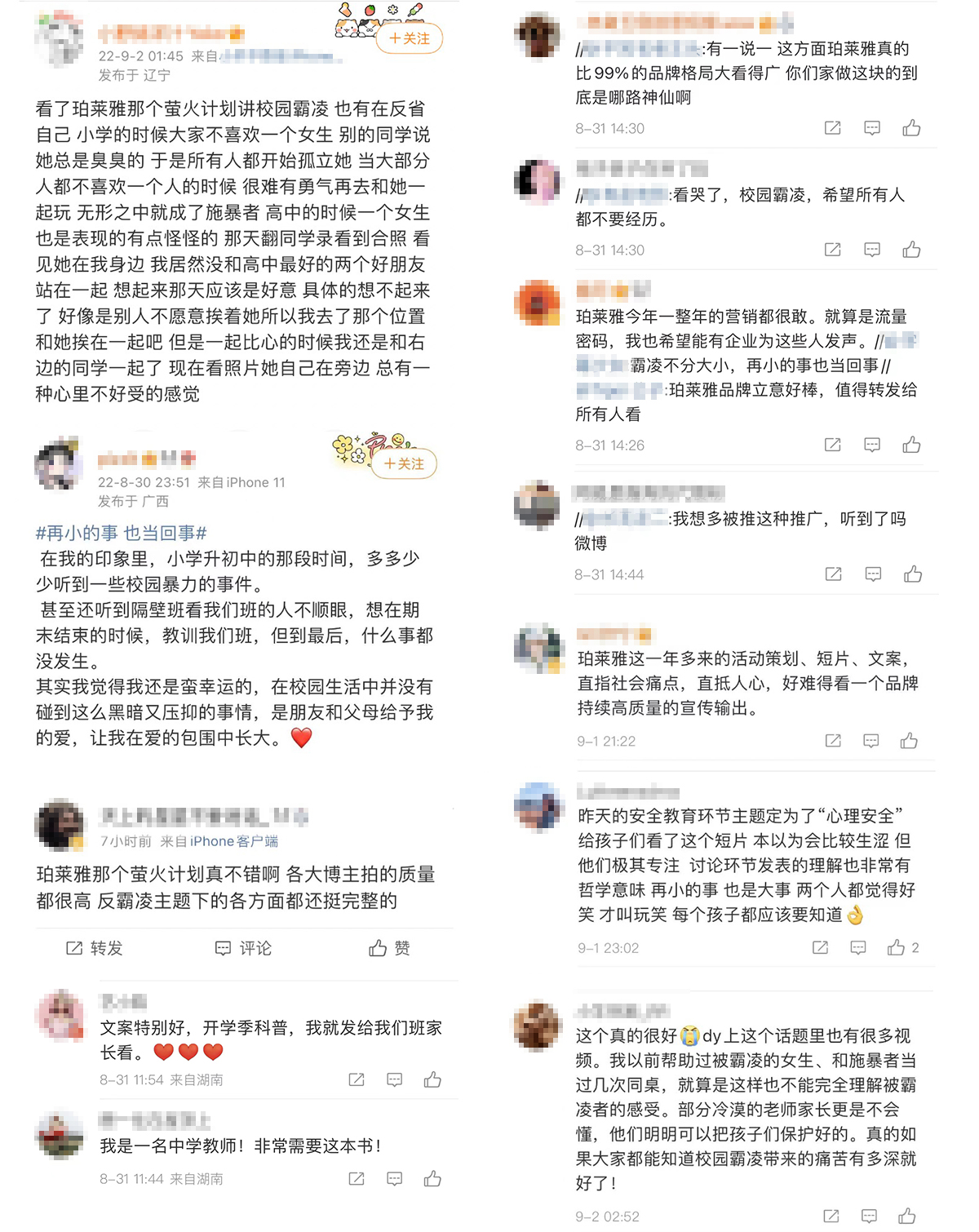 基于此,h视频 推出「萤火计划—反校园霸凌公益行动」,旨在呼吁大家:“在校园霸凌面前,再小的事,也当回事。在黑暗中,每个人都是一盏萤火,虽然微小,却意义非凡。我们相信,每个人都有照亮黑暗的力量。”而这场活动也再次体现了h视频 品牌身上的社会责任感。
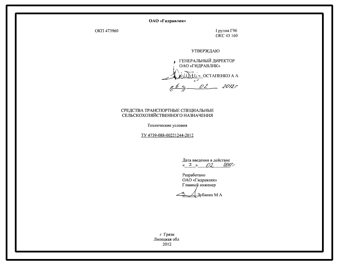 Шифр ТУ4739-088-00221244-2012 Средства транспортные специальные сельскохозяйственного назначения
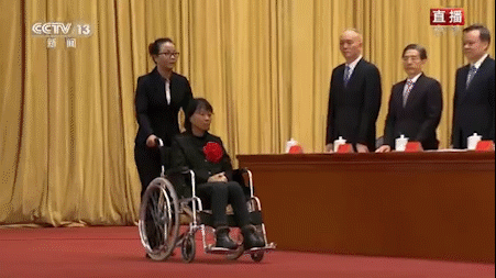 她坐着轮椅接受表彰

Task requirements
Pictures stay out of the copy; print the material above exactly.

Finished task
 基于此,h视频 推出「萤火计划—反校园霸凌公益行动」,旨在呼吁大家:“在校园霸凌面前,再小的事,也当回事。在黑暗中,每个人都是一盏萤火,虽然微小,却意义非凡。我们相信,每个人都有照亮黑暗的力量。”而这场活动也再次体现了h视频 品牌身上的社会责任感。
 Шифр ТУ4739-088-00221244-2012 Средства транспортные специальные сельскохозяйственного назначения
 她坐着轮椅接受表彰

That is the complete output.